The primary goal of the Levine Research Group at the Yale School of Medicine (LRG@YSM) is to understand and intervene in protein folding diseases using biophysical insights. In particular, we strive to understand the underlying physical and thermodynamic mechanisms that lead to age-related disease in a diverse set of biological environments. We focus predominantly on intrinsically disordered proteins (IDPs) and regions (IDRs), which tend to interconvert between three-dimensional structures. These behaviors enable IDPs to carry out diverse physiological roles, however it can also lead to the aggregation of soluble and insoluble protein plaques (amyloids) over the lifecourse, which is a notable hallmark in certain cancers and in over twenty-one degenerative diseases such as Alzheimer's Disease, Parkinson's Disease, and Type II Diabetes. To better understand these behaviors, LRG@YSM utilizes a combination of molecular dynamics simulations and experiments that combine biophysical, biochemical, biological, and clinical knowledge in order to manipulate proteotoxic species in cancer, human aging, and in traditional amyloid diseases.
High-performance computing and molecular dynamics (MD) simulations enables us to recreate chemical and biological systems from first-principles, providing nanoscale determinants of proteostasis. Parallelization of simulations also allows for the folding of unstructured proteins, which are notoriously difficult to characterize from experiments alone. Our lab employs many theoretical techniques, including replica-exchange MD (REMD), umbrella sampling, thermodynamic integration, and free energy perturbations.
Solution Biophysics Experiments
Targeting Soluble amyloids in Age-Related Disorders
Cognitive decline in Alzheimer’s Disease (AD) and many other age-related dementias have long been associated with the presence of insoluble amyloid plaques that disrupt normal synaptic functioning. However, more recent studies have revealed that cellular impairment is much more potently associated with soluble protein oligomers rather than from insoluble fibrils.

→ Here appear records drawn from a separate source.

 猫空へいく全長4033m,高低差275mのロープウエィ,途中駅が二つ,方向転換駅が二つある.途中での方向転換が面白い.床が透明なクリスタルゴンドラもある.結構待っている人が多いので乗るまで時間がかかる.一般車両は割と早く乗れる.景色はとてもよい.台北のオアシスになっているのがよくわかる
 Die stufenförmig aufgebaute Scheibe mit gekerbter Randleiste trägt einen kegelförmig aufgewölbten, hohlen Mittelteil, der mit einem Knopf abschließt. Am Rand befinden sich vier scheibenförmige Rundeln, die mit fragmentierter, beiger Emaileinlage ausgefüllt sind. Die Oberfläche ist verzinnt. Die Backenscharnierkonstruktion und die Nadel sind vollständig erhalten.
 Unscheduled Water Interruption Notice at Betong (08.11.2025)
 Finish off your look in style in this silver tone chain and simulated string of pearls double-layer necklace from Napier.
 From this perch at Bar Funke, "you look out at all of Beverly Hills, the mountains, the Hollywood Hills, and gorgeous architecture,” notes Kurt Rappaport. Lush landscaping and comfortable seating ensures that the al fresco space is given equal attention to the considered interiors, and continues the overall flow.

Soluble oligomers are structurally irregular and promiscuously bind to membrane proteins, thereby dysregulating downstream processes. This heterogeneity, however, makes it difficult to experimentally characterize transient oligomers, despite their tremendous importance.

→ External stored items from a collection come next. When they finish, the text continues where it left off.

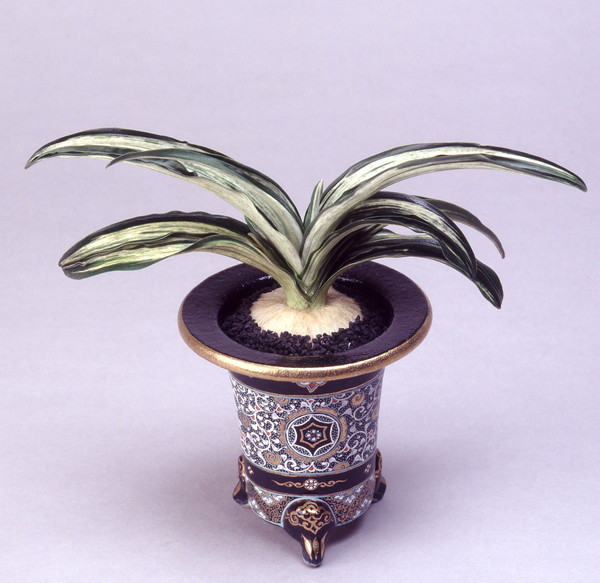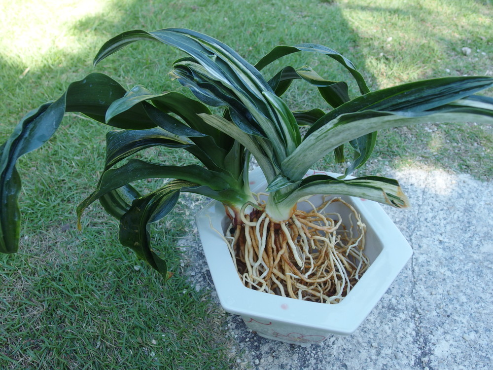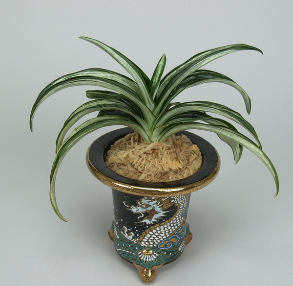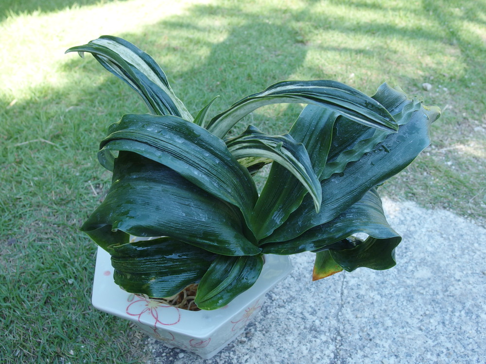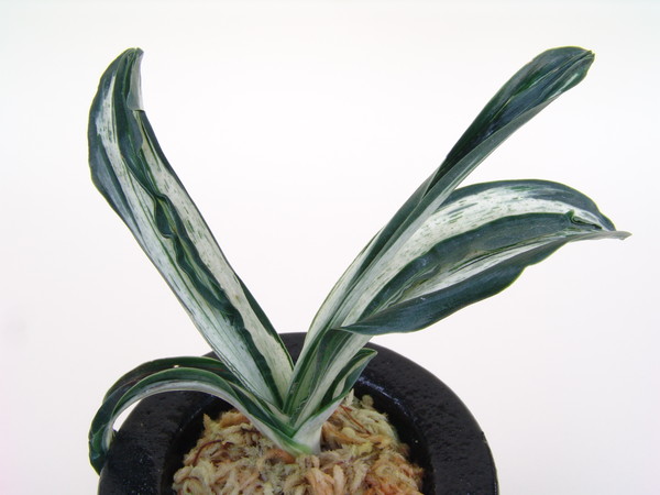 葉長15㎝、葉幅3㎝内外。葉繰り良く、中立ち葉で乱れのない葉姿は全体的にスマートで上品な感じを受ける。本種の千代田斑はこの系統の中でも最も白く、光沢のある濃紺緑色の覆輪は雪白な千代田斑を鮮やかに引き立たせる甲竜と低い雅糸竜、まれに玉竜も現す。斑が白いわりに育てやすい品種で、少々日強に作ったほうが力強さが出てきて中立ち葉のまとまりの良い葉姿になります。子上げ・芋吹きともに良く人気の高い品種。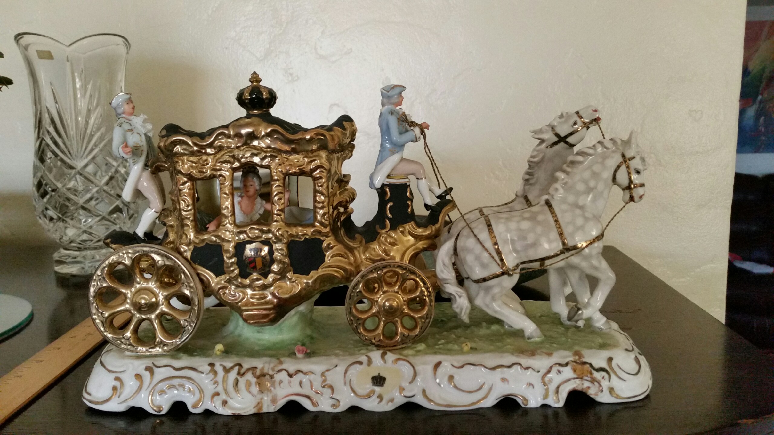2 horse gold carriage with driver and man in rear. Also has women inside carriage. Excellent condition. On bottom has letter N with a crown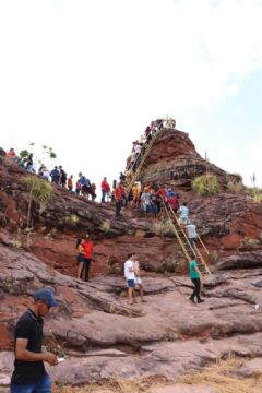 – Fé: Os fiéis fazem filas para subir até a Pedra de São Francisco.
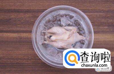 放入童子鸡小火焖煮10分钟后翻面,再焖煮10分钟,如果鸡较大只就煮久一点。煮熟后捞出来放冷水里2分钟。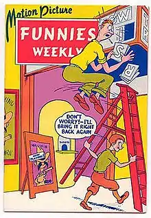 Motion Picture Funnies Weekly was produced by First Funnies, Inc., one of the 1930s–1940s Golden Age of comic books "packagers" that would create outsourced comics on demand for publishers. The company, founded by Centaur Publications art director Lloyd Jacquet and later named Funnies Inc., planned to be a publisher itself, with Motion Picture Funnies Weekly as its initial product.[1] While the postal indicia gives the publisher as First Funnies, Inc., the back cover, a house ad, directs interested parties to contact Funnies, Inc.[2]
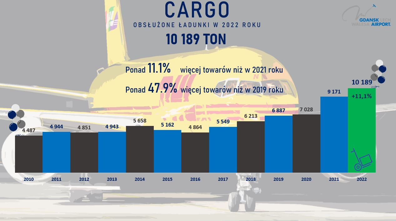 Port Lotniczy Gdańsk ma za 2022 rok rekordowy wynik w ilości obsłużonych towarów. W ciągu 12 miesięcy było to w sumie 10 189 ton cargo, o 11,1% więcej niż w 2021 roku. Od 2019 roku zanotowaliśmy już wzrost o 47,9%.

To address these challenges, we combine molecular simulations and single-molecule experiments to probe the distribution of individual oligomers and their structural and functional properties. We also target protein oligomers using ssDNA and peptide aptamers to track and neutralize promiscuous protein species in cell lysates. This work bridges basic biophysical insights with macroscopic cellular behaviors to inform how soluble amyloid species drive cellular aging and multiple degenerative disorders.
Regulation of Tumor Suppression Proteins using Amyloid-Disrupting Peptides
In over half of all cancer types, tumor suppressor proteins such as p53 can become inactivated by single amino acid mutations, inhibiting their ability to induce programmed cell death. Follow-up studies have indicated that misfolded tumor suppressor proteins can outwardly display sticky amino acids that increase their aggregation propensity to one another and subsequently disrupt their ability to function. Thus, many cancers can be thought of as protein aggregation diseases where protein regulators are no longer able to suppress aberrant behaviors.

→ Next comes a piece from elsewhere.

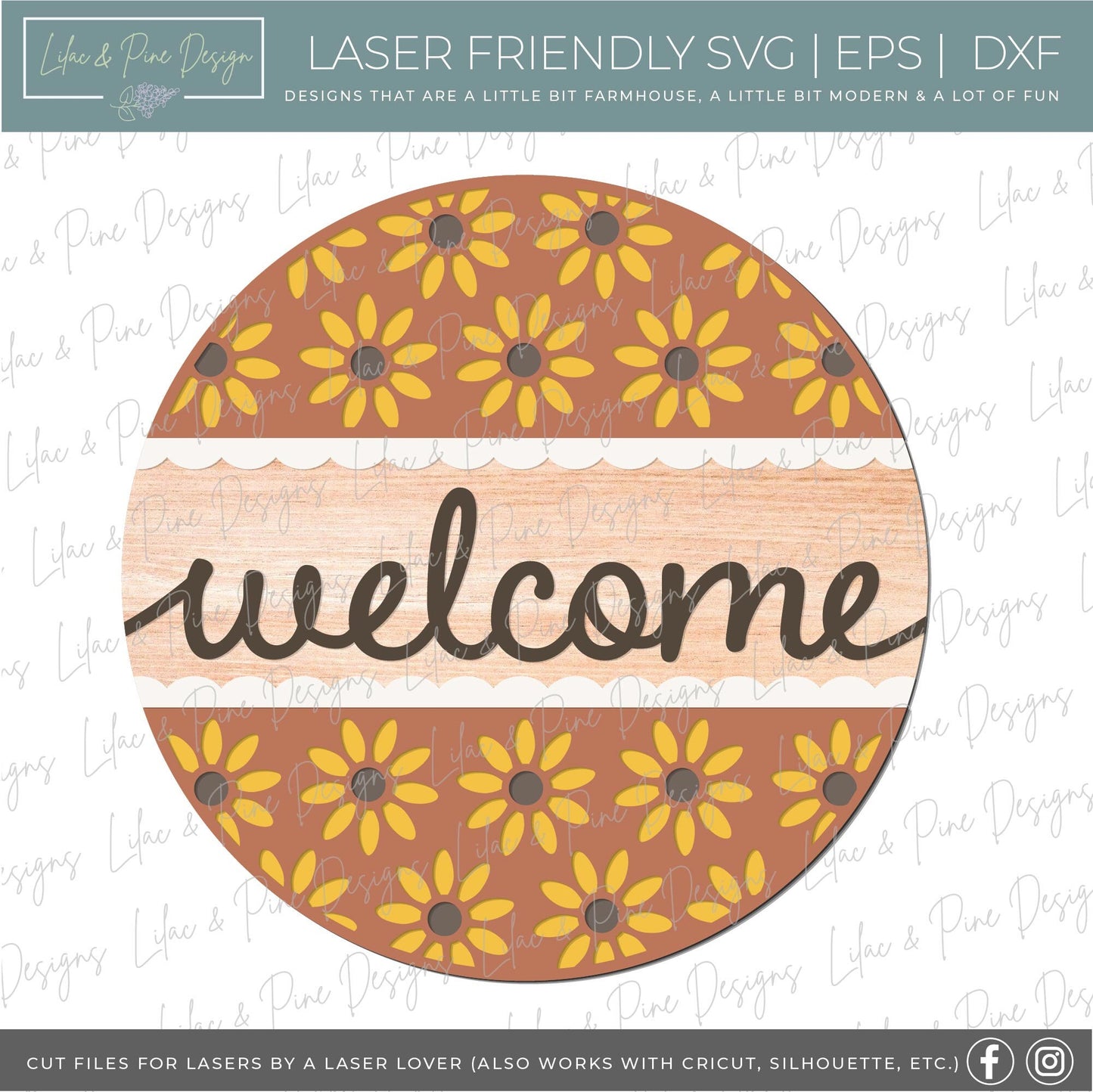 Daisy door hanger SVG, black eyed Susan sign, summer hello SVG, floral porch decor, flower welcome sign, Glowforge SVG, laser cut file

Furthermore, many of the most lethal cancer types such as high-grade serous ovarian carcinomas (HGSOCs) exhibit mutations that induce aggregation in over 96% of cases. While there are currently no therapies to address protein co-aggregation in cancer, there is emerging evidence that amyloid-inhibiting peptides may potently inhibit p53 aggregation in HGSOCs and related tumors. This suggests that targeting the protein aggresome can significantly enhance tumor treatment plans and rescue paralog tumor suppressor proteins from co-aggregation, thereby laying the foundation for next-generation cancer therapeutics.